== ABOUT THIS TASK ==
Using the records below, repeat exactly the lines from the one holding "- Konzervativní scénář" through the one holding "MINISERIES PREMIEREJAMES TYNION", both ends included, and no others.

== THE DATA ==
-*-*-
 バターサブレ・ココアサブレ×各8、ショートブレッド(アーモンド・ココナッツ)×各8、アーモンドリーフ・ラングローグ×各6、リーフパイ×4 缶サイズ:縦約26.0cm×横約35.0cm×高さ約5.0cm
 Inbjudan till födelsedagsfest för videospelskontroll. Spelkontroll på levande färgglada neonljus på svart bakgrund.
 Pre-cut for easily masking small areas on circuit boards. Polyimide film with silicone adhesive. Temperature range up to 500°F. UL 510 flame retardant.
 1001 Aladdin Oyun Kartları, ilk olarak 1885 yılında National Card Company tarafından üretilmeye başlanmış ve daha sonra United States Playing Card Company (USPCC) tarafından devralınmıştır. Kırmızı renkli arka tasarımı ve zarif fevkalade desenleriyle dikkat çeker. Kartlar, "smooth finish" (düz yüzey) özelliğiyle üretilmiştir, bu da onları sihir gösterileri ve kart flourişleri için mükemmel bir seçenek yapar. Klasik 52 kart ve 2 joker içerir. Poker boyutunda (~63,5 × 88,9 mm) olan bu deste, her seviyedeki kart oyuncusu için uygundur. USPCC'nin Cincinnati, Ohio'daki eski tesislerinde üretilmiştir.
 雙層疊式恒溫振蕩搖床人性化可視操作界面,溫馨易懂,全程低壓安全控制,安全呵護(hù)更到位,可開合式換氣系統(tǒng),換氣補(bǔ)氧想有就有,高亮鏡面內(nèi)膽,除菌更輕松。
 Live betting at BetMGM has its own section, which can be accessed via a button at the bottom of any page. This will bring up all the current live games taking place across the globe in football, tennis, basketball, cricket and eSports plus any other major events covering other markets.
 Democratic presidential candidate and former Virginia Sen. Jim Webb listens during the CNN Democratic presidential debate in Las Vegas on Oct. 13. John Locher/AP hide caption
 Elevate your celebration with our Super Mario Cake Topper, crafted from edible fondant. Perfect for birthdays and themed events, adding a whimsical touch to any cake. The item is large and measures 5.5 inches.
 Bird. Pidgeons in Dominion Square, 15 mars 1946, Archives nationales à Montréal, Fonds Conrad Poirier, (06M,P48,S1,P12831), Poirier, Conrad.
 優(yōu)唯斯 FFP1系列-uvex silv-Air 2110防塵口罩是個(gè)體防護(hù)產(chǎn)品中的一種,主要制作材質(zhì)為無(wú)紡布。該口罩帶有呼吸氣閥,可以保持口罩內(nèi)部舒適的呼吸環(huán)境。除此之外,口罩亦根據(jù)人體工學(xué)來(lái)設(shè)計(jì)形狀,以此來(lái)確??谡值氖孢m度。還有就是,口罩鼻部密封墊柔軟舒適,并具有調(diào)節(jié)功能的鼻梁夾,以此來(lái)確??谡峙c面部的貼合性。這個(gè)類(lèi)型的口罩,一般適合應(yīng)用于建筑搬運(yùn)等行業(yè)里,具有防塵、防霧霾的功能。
-*-*-
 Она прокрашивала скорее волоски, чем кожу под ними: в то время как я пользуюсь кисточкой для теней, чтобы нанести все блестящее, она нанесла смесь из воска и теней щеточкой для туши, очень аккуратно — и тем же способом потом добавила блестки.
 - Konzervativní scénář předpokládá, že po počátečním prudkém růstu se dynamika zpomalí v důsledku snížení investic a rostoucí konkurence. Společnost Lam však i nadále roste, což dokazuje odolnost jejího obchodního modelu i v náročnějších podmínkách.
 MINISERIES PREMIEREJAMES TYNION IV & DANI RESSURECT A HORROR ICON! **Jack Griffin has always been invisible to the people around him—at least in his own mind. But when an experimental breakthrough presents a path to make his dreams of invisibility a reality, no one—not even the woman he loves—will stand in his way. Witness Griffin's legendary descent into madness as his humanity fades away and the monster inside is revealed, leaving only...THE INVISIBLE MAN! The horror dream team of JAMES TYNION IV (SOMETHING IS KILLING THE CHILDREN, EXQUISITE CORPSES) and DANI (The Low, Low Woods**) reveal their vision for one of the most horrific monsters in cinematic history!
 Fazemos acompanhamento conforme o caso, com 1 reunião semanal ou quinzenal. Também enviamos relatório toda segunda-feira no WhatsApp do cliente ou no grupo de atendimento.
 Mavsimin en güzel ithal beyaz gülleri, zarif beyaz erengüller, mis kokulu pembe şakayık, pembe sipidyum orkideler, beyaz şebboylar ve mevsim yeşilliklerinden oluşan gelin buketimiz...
-*-*-
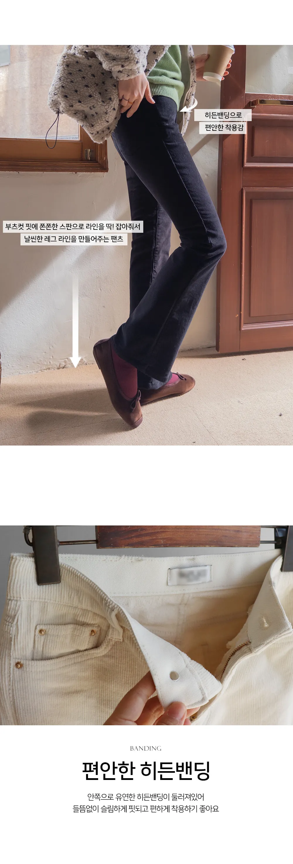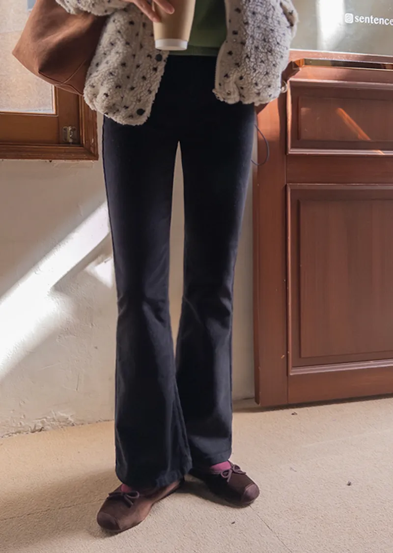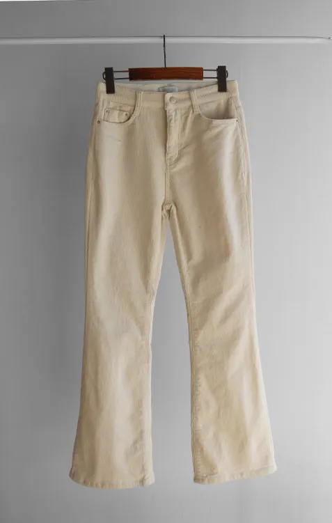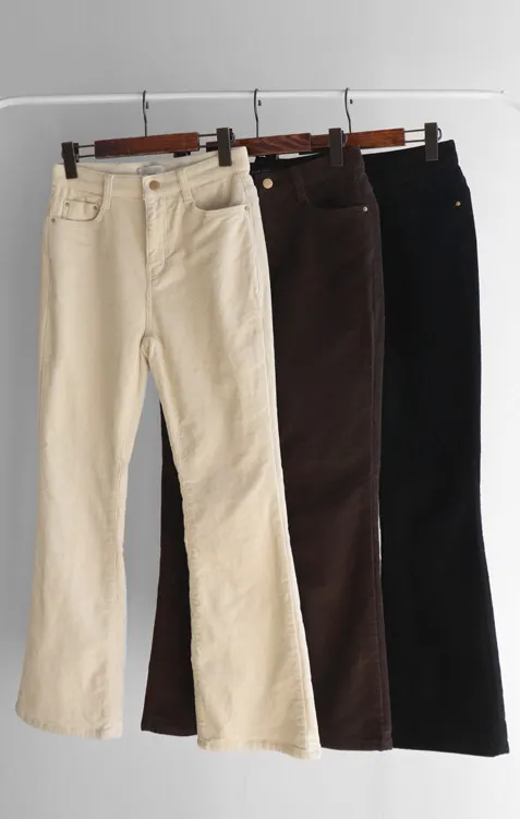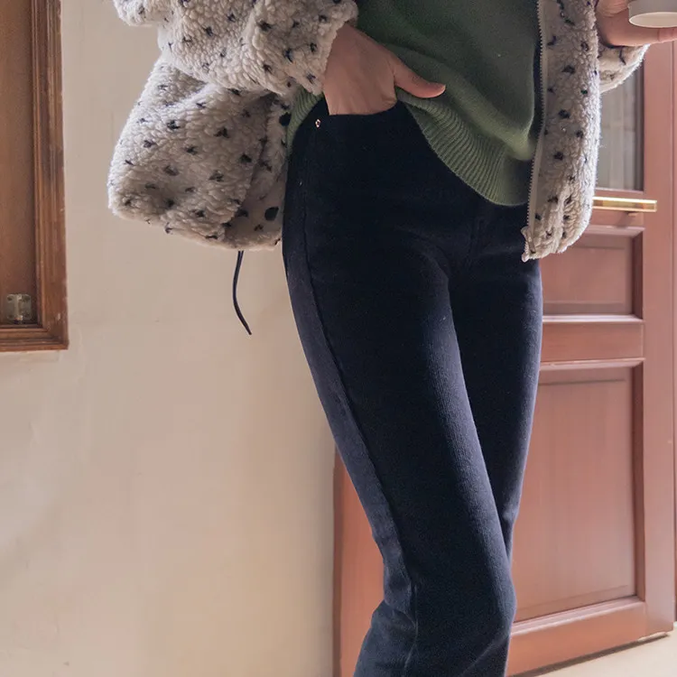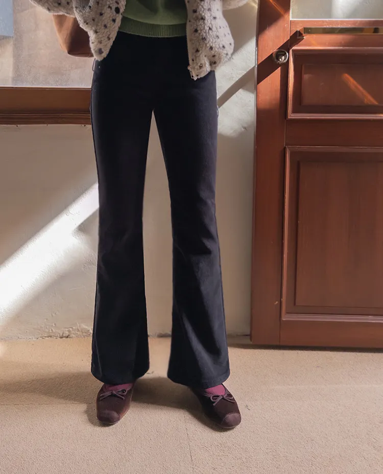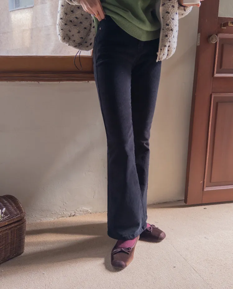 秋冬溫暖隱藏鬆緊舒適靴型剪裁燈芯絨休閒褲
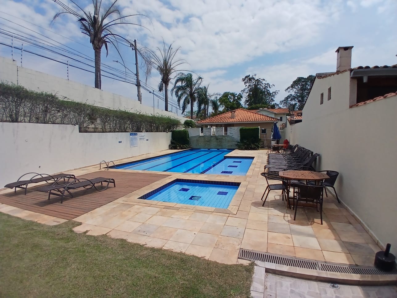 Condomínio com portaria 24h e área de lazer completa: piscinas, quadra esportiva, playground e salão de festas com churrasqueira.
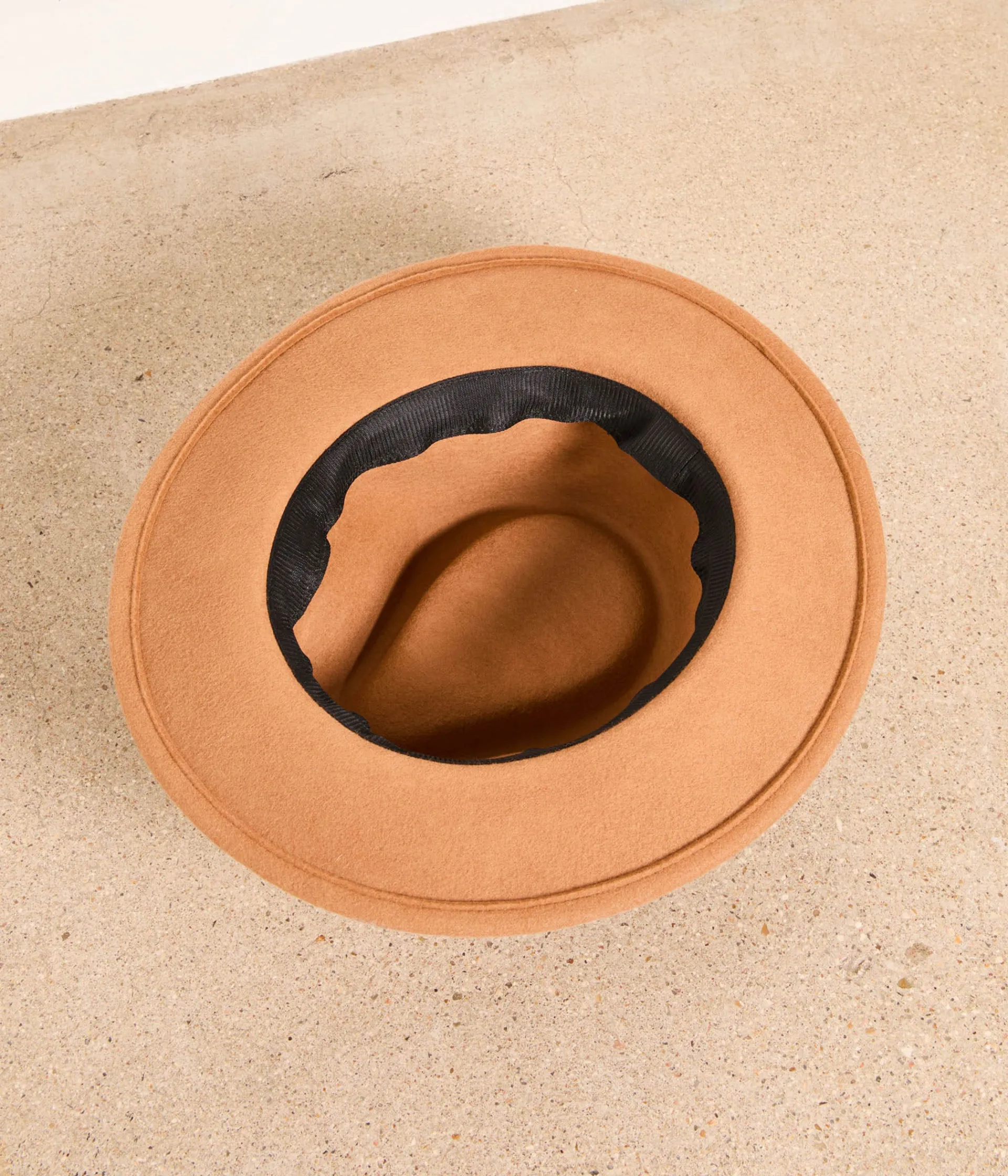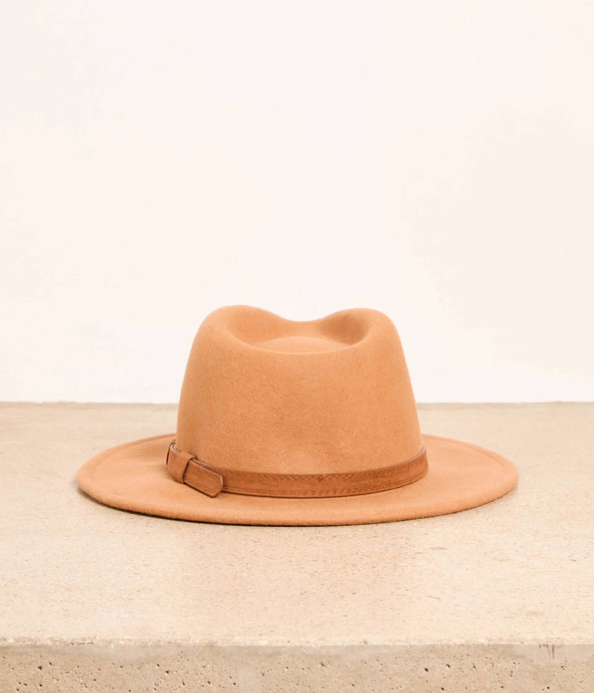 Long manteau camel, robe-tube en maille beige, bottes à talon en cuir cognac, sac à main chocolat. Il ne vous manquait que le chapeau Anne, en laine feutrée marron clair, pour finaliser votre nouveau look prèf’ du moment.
-*-*-
== WORKED SOLUTION ==
 - Konzervativní scénář předpokládá, že po počátečním prudkém růstu se dynamika zpomalí v důsledku snížení investic a rostoucí konkurence. Společnost Lam však i nadále roste, což dokazuje odolnost jejího obchodního modelu i v náročnějších podmínkách.
 MINISERIES PREMIEREJAMES TYNION IV & DANI RESSURECT A HORROR ICON! **Jack Griffin has always been invisible to the people around him—at least in his own mind. But when an experimental breakthrough presents a path to make his dreams of invisibility a reality, no one—not even the woman he loves—will stand in his way. Witness Griffin's legendary descent into madness as his humanity fades away and the monster inside is revealed, leaving only...THE INVISIBLE MAN! The horror dream team of JAMES TYNION IV (SOMETHING IS KILLING THE CHILDREN, EXQUISITE CORPSES) and DANI (The Low, Low Woods**) reveal their vision for one of the most horrific monsters in cinematic history!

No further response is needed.